R Recensione

7,5/10

Paolo Recchia

Peace Hotel

La ricerca del suono, di una propria voce timbrica quale segno distintivo, è uno degli obiettivi di tutti coloro che praticano il jazz. Un po’ come la voce per ogni individuo, la possibilità di distinguere alle prime note un musicista da un altro, è basata sulle caratteristiche dell’emissione sonora. Paolo Recchia, giovane altosassofonista laziale qui alla terza prova solista, dopo il riuscito “Three for Getz” del 2014, pare avere da tempo trovato la propria “voce”, un canto morbido ma pieno, con le “parole” (le note) perfettamente scandite, in grado di emozionare senza concedere nulla all’enfasi ed al sentimentalismo. Essenziale. La sua produzione musicale sembra il frutto di una disciplina rigorosa, che s’ immagina applicata per anni allo studio dello strumento, abbinata ad una gioiosa visione della vita. Ha scelto di entrare nel mondo del jazz da una porta che non è fra le più esposte, un trio che affida tutta la componente ritmica ed armonica alla chitarra di Enrico Bracco ed al contrabbasso di Nicola Borrelli, e con il procedente lavoro ha dimostrato di potersi confrontare con un gigante del cool jazz come Getz. In questo nuovo “Peace Hotel” il panorama si amplia a composizioni autografe dei tre componenti, e l’identità del gruppo diviene più nitida, sia nell’equilibrio paritario degli strumenti, che in una scelta stilistica rispettosa della tradizione, ma attenta anche alle nuove frontiere del linguaggio jazz.

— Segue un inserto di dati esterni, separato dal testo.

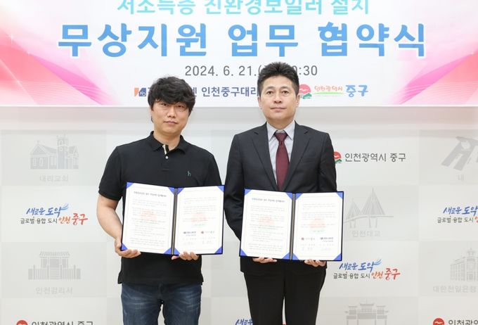 김정헌 인천 중구청장은 지난 21일 중구청 구청장실에서 ㈜경동나비엔 인천중구대리점 김영돈 대표와 이 같은 내용의 ‘저소득층 친환경 보일러 설치 무상 지원 업무협약’을 체결했다.

Si interpreta così una scaletta che, mettendo in fila classici standards di autori come Coltrane, Lennie Tristano o Cole Porter, con quattro composizioni autografe (due di Recchia ed una a testa per i partner) assume ad un tempo il tono di omaggio e di distacco verso nuovi orizzonti. Fra gli standards, “Gone with the wind“, che con il celeberrimo film condivide solo il titolo, introduce il lavoro definendone i confini, quelli di un jazz rilassato e ricco di sfumature, come il solo di Bracco costruito con mirabile senso architettonico, e costruito sulla capacità di interplay fra i componenti del trio. Quindi, “Central park west”, la ballad di John Coltrane, qui riletta con un tempo dispari e l’invenzione della parte finale, “517 East 32nd street “ di Lennie Tristano, con larghe sezioni soliste di sax e chitarra, “I remember you” scritta da Johnny Mercer e Victor Schertzinger, ed, in conclusione, una versione di “Everytime we say goodbye” di Cole Porter, inevitabilmente toccante, ma non enfatica. Gli originali spaziano fra la ballad sospesa e distillata di “Peace hotel”, che può richiamare l’estetica ECM, il tema elastico e brillante di “Sman”, la delicata “Emmanina” e la crepuscolare “Post Aurum”, firmata da Nicola Borrelli. L’incisione presso i romani Groovefarm studios a cura di Davide Abruzzese è un valore aggiunto del lavoro, in grado di esaltare i particolari e la presenza degli strumenti e documentare nel modo migliore la capacità di scambio ed ascolto fra i musicisti. Per il trio di Paolo Recchia un lavoro che costituisce un notevole passo avanti e la premessa per un ruolo di rilievo nel ricco panorama jazz italiano.